No Código das Sociedades Comerciais, a matéria relativa aos direitos e deveres


dos sócios, conquanto fundamental, não foi sistematizada. Com efeito, encontramos, na
parte geral:
- no capítulo III – contrato de sociedade – secção I – celebração e registo, o art.
9º (elementos do contrato) nº1, alínea f), que refere o capital social e a alínea g) que
menciona “ a quota de capital e a natureza da entrada de cada sócio, bem como os
pagamentos efectuados por conta de cada quota”;
- nos mesmos capítulo e secção, o art. 16º (vantagens, indemnizações e
retribuições), relativo aos elementos epigrafados, quando concedidos a sócios em
conexão com a constituição da sociedade;
- idem, o art. 17º, dirigido aos acordos parassociais, fontes de diversos direitos.
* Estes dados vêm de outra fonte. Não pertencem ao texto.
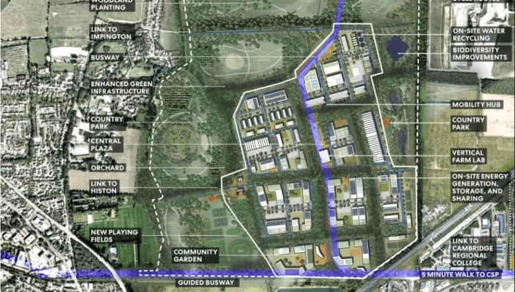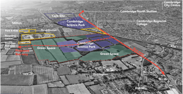 Sadly their main consultation site https://cambridgescienceparknorth.co.uk/ does not contain the document linked above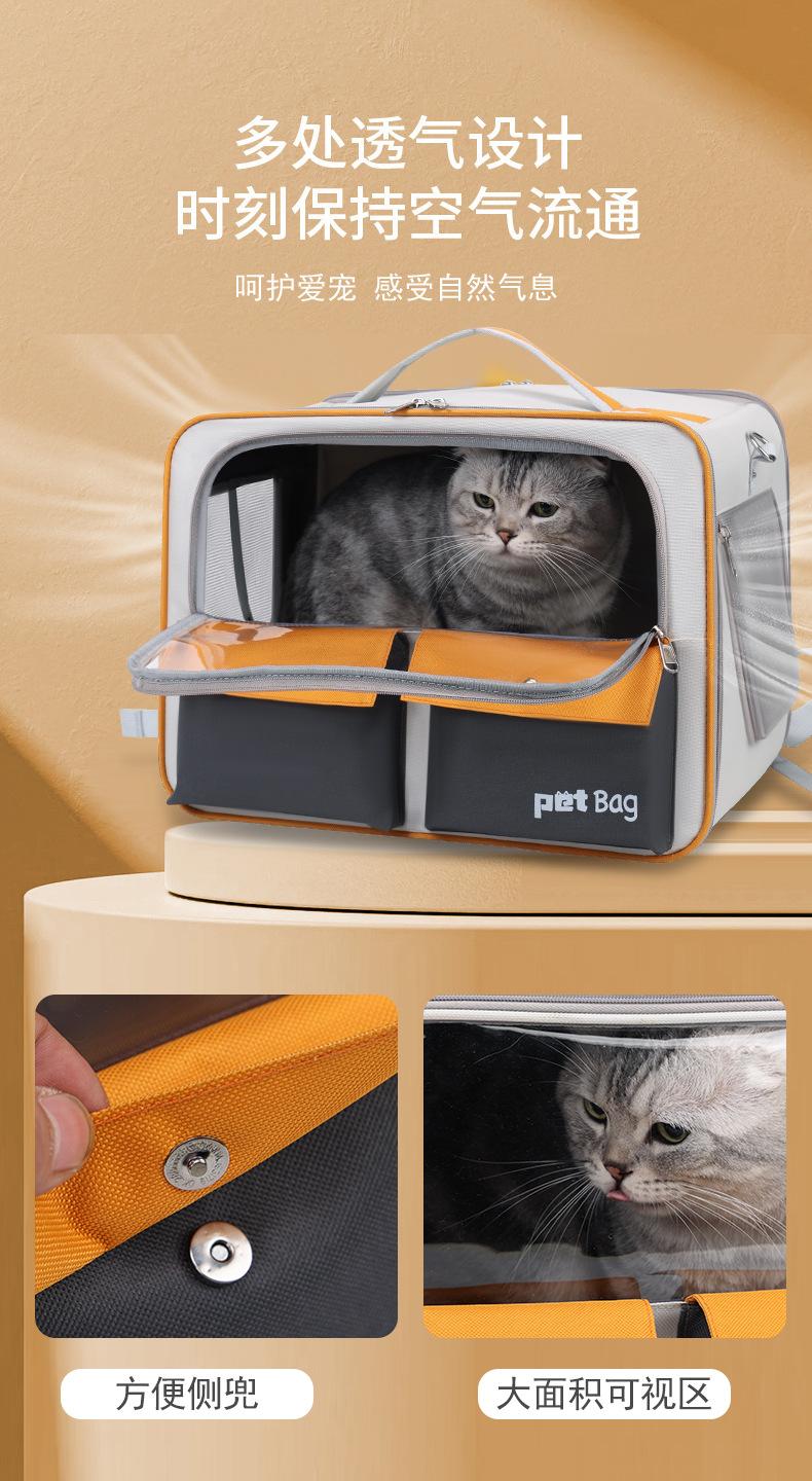 Bolsa para gatos, bolsa de salida, mochila portátil de gran capacidad y transpirable para mascotas, bolso bandolera portátil de gran espacio para mascotas con barra de tracción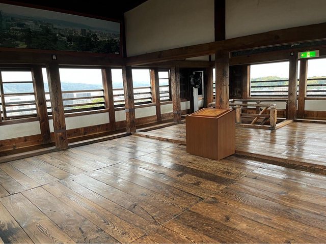 進天守閣要脫鞋,在2樓掃碼後(票價680円)爬著陡梯上去。今天是平日,遊客不多,天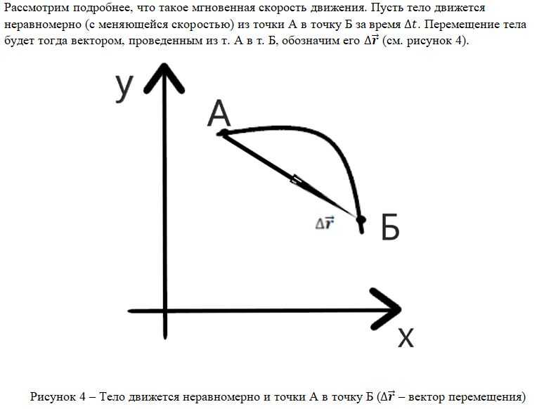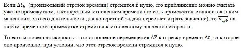 Мгновенная скорость – это скорость тела в выбранный конкретный момент времени.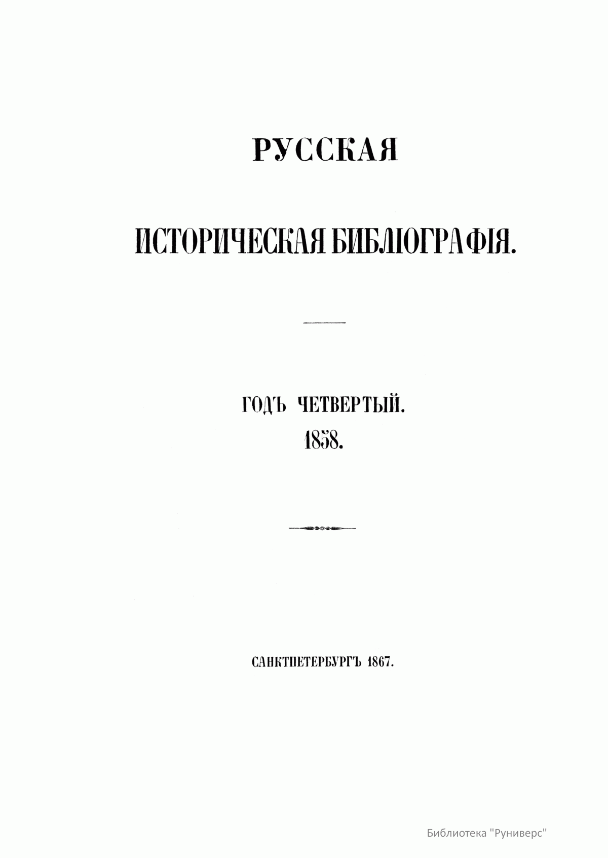 Русская историческая библиографiя. Годъ четвертый. 1858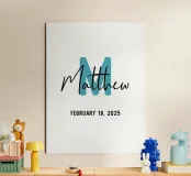 Aggiungete un tocco personale con questa elegante stampa personalizzata con iniziale e nome. Elegante e moderna, è il regalo perfetto per i nuovi nati, per i matrimoni o per l'arredamento della casa.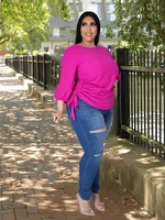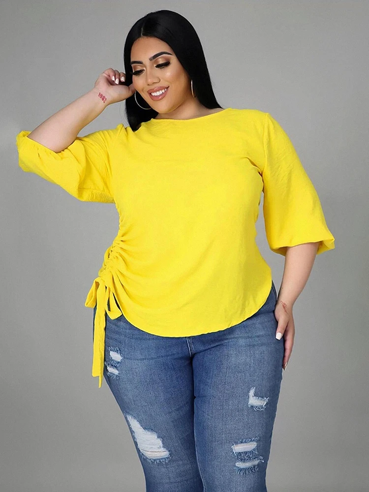 Plus Size Women's Blouses Front Knotted V Neck Blouse T Shirt Short Sleeve Oversized Tunic Tops Basic Summer Solid Tee Top
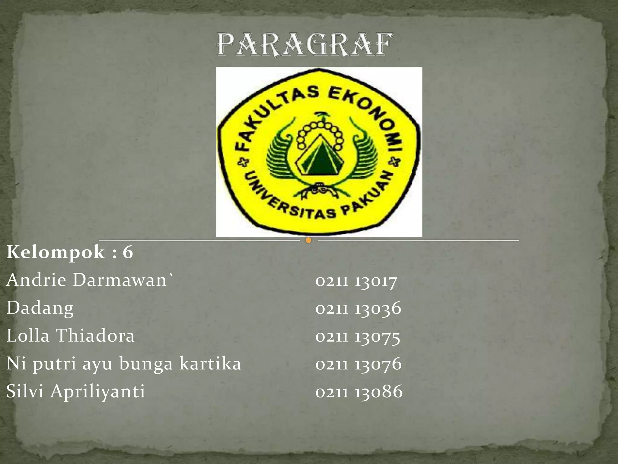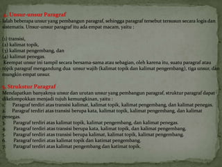 Paragrafterdiri atas kalimat topik atau kalimat pokok dan kalimat penjelas atau kalimat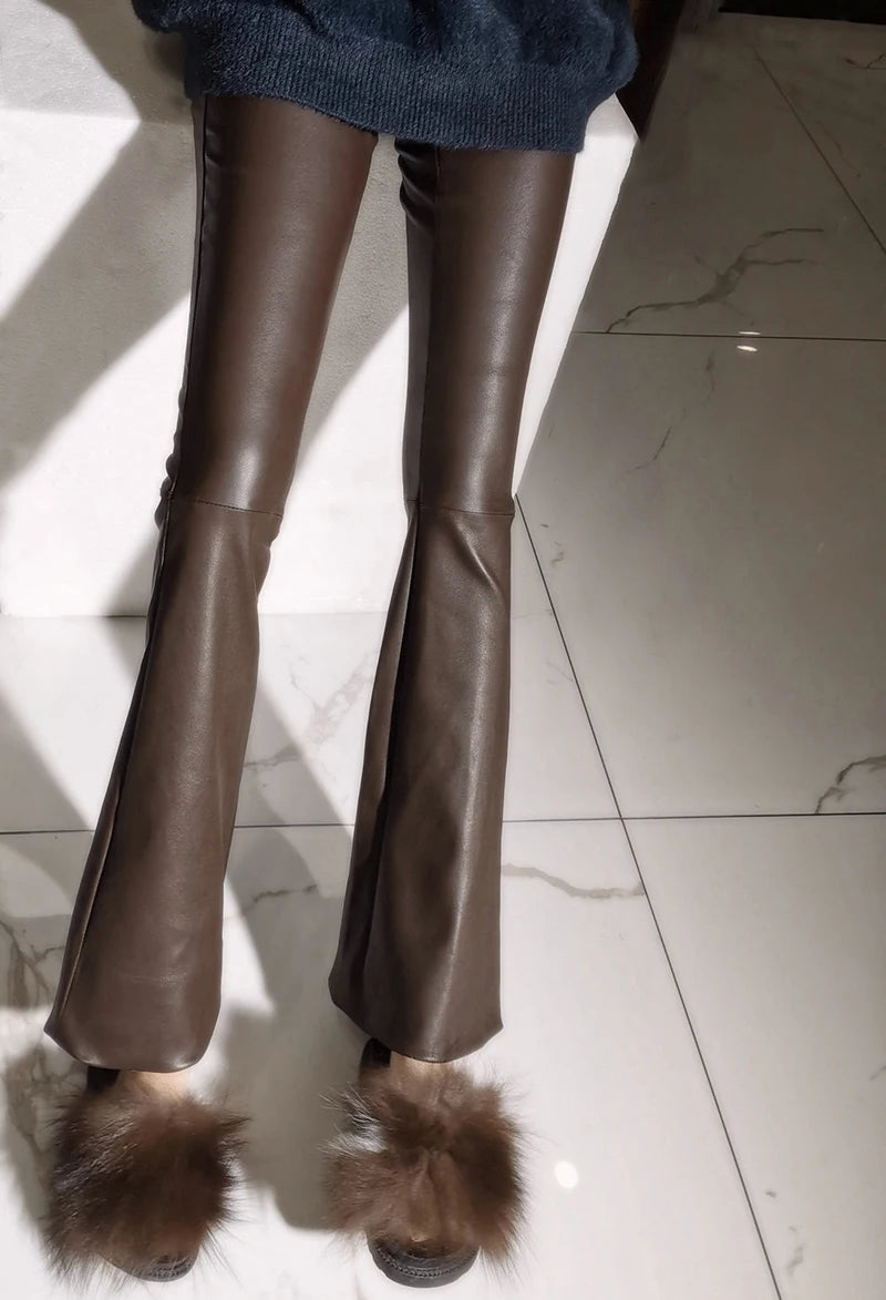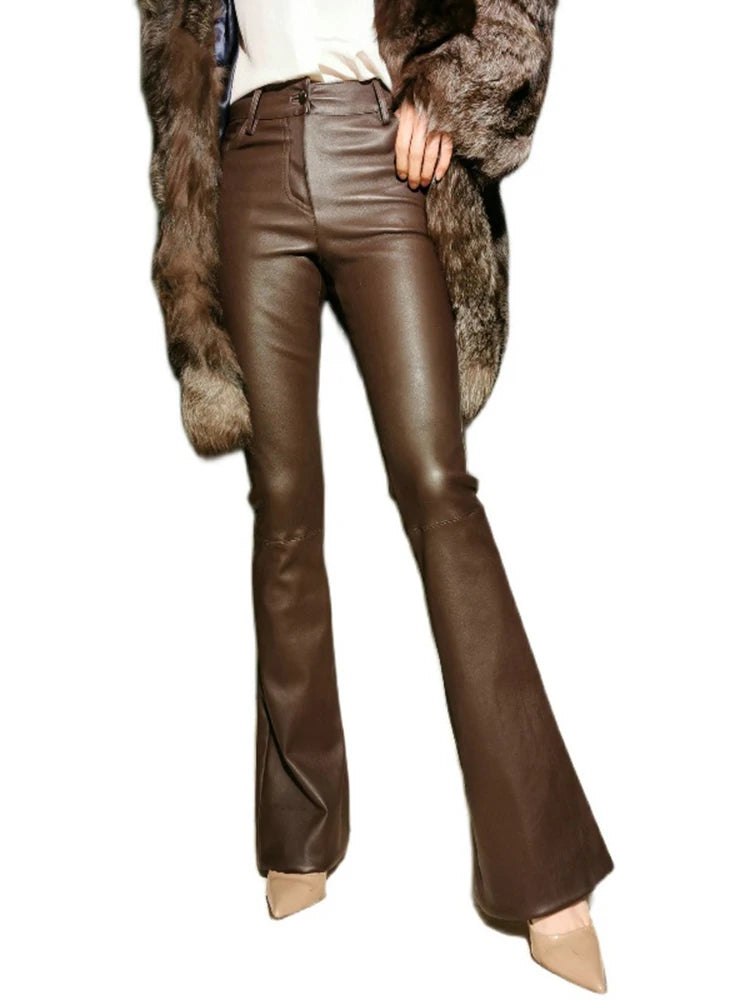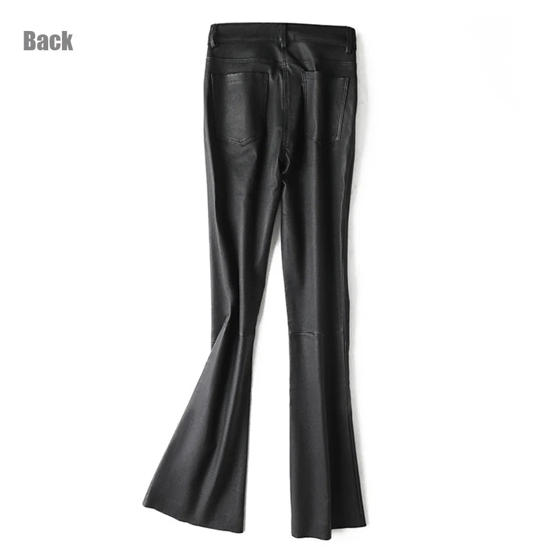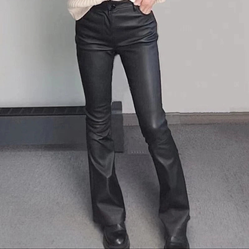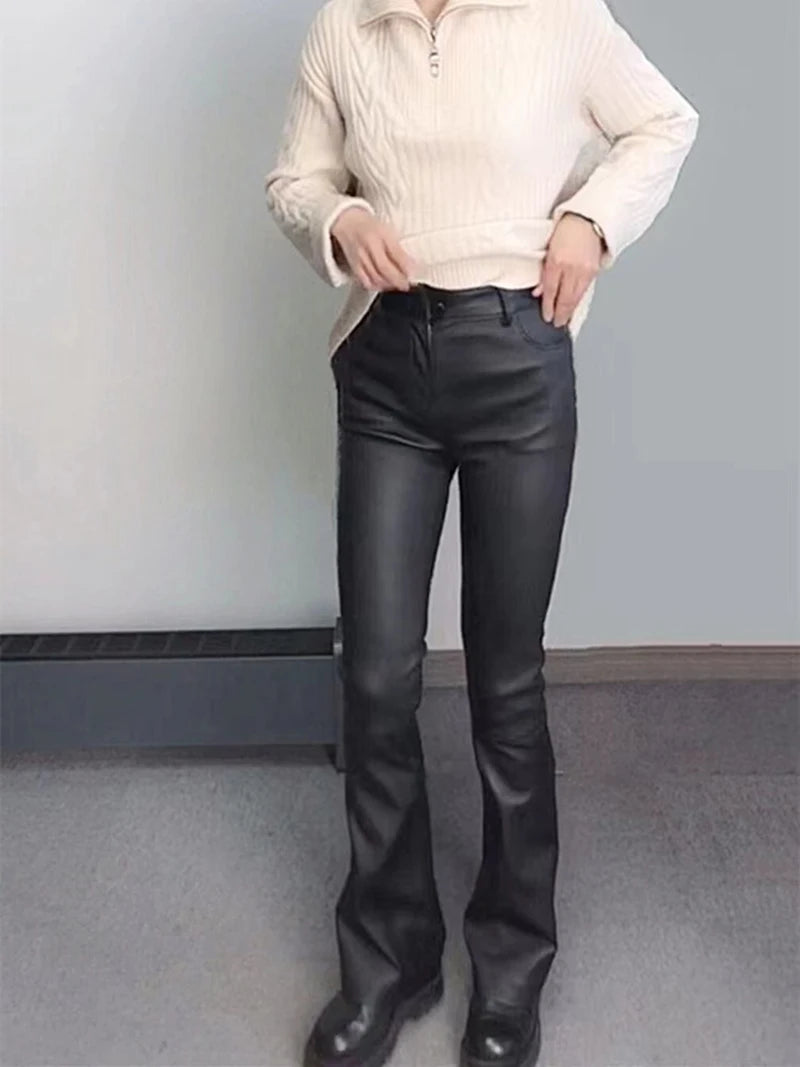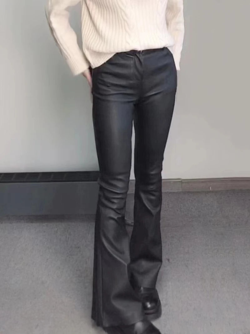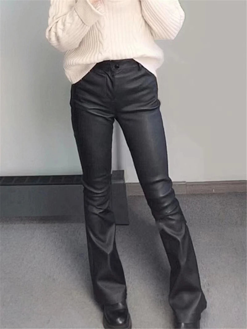 Women's Autumn Winter Mid Waist Skinny Flared Stretch Leather Pants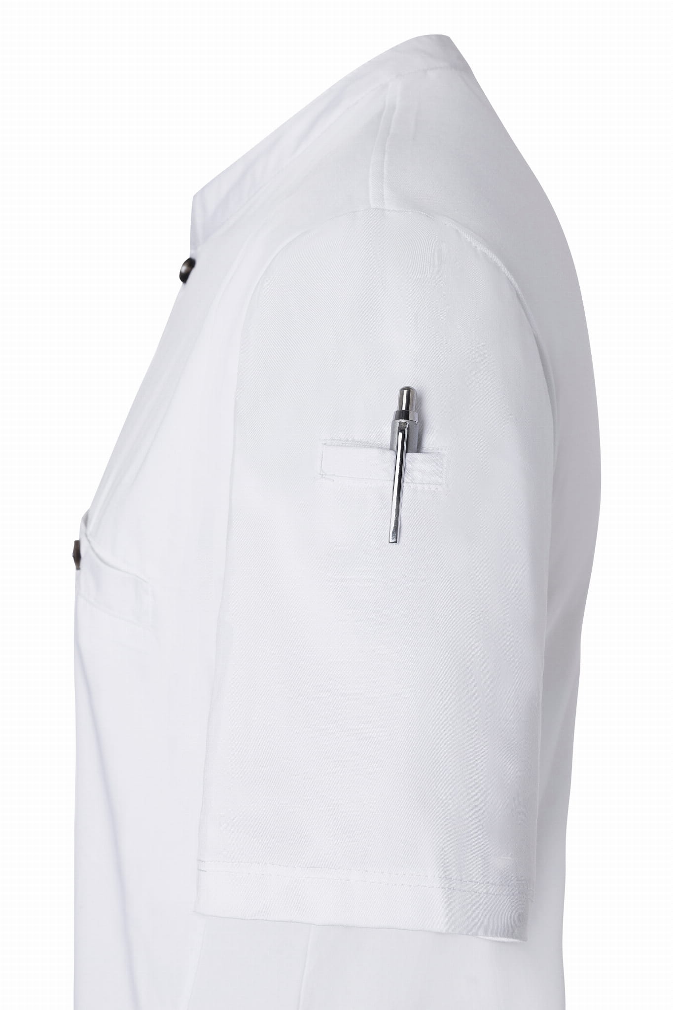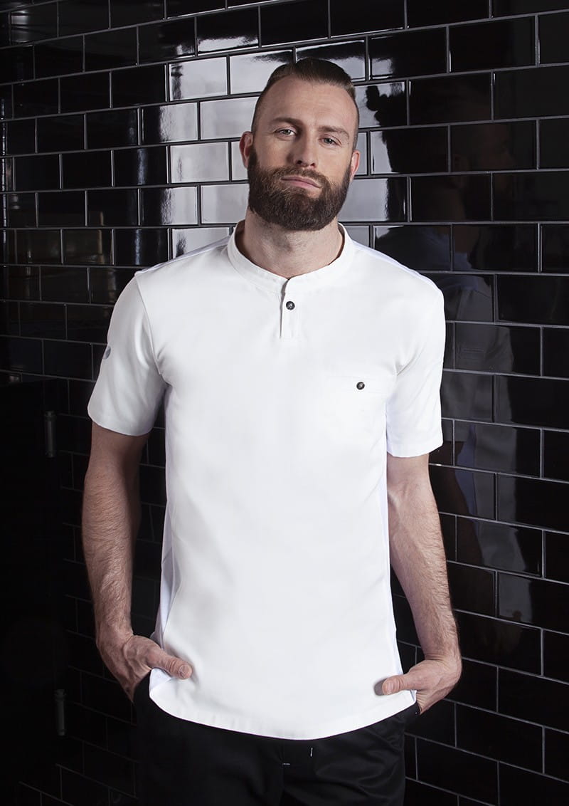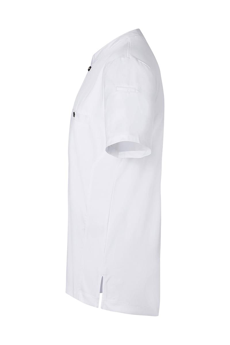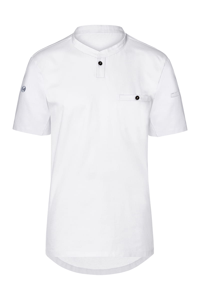 T-shirt kucharski z krótkim rękawem Short-Sleeve Work Shirt Performance to wyjątkowa propozycja producenta KARLOVSKY. Produkt ma nowoczesny, sportowy wygląd dzięki stylowej stójce ozdobionej praktycznym guzikiem. Na wysokości klatki piersiowej projektanci umieścili funkcjonalną kieszeń, która również zapinana jest na oryginalny guzik. Produkt wytworzony jest z poliestru 40% 150 g/m² oraz bawełny 60%, natomiast tył bluzy wykonany jest z jersey'u (drobna siateczka - poliester 100% 150 g/m²), więc pewna jest maksymalna wentylacja. Tkanina ta wykonana została z wysokogatunkowych włókien, dlatego komfort pracy jest zapewniony nawet w wysokich temperaturach. Bluza została zaprojektowana w taki sposób, że idealnie dopasowuje się do każdej sylwetki i jest niezwykle trwała. Ubrania gastronomiczne firmy KARLOWSKY łączą w sobie rewelacyjny wygląd z funkcjonalnością. Ponadto mogą być używane zarówno w restauracjach, jak i w cateringu. Odzież jest trwała i praktyczna.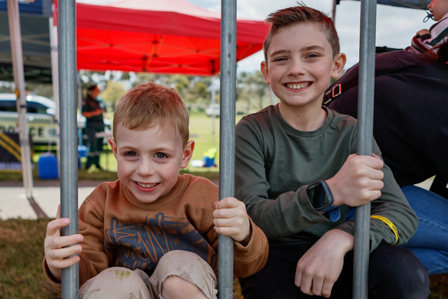 Christopher and Riley await the displays at the Lyndoch CFS day on Saturday. (509897_03)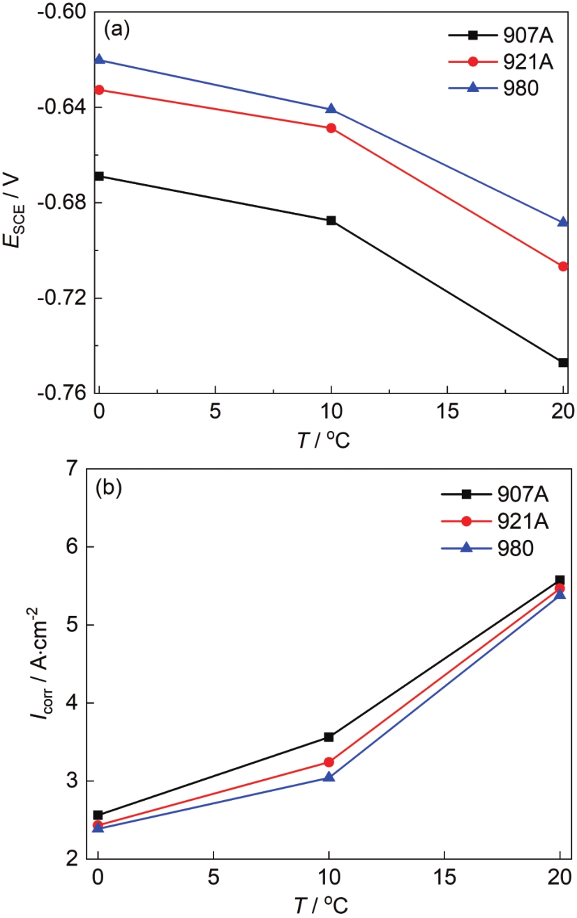 | Fig.3 Open circuit potentials (a) and corrosion current densities (b) of three low-alloy steels as functions of temperature |

De seguida, ainda no capítulo III, encontramos uma secção II precisamente
epigrafada obrigações e direitos dos sócios em geral.Contém, numa primeira subsecção
sobre obrigações e direitos dos sócios em geral:
- art. 20º ( obrigações dos sócios): enumera a obrigação de entrada e o dever de
quinhoar nas perdas;
- art. 21º ( direitos dos sócios) : enumera o de quinhoar nos lucros, o de
participar nas deliberações sociais, o de obter informações e o de ser designado para os
órgãos sociais;
- art. 22º (participação nos lucros e perdas): desenvolve esses aspectos, proíbe os
pactos leoninos e a remissão para critério de terceiros;
- art. 23º (usufruto e penhor de participações) : refere a matéria epigrafada,
formulando regras;
- art. 24º ( direitos especiais) : fixa normas sobre o assunto : umas gerais e outras
relativas a certos tipos sociais.
Seguem-se duas subsecções : uma – a II – relativa a obrigações de entrada ( art.
25º a 30º) e outra – a III – referente à conservação do capital ( art. 31º a 35º)
Finalmente temos o capítulo IV sobre deliberações dos sócios – artigos 53º a 63º.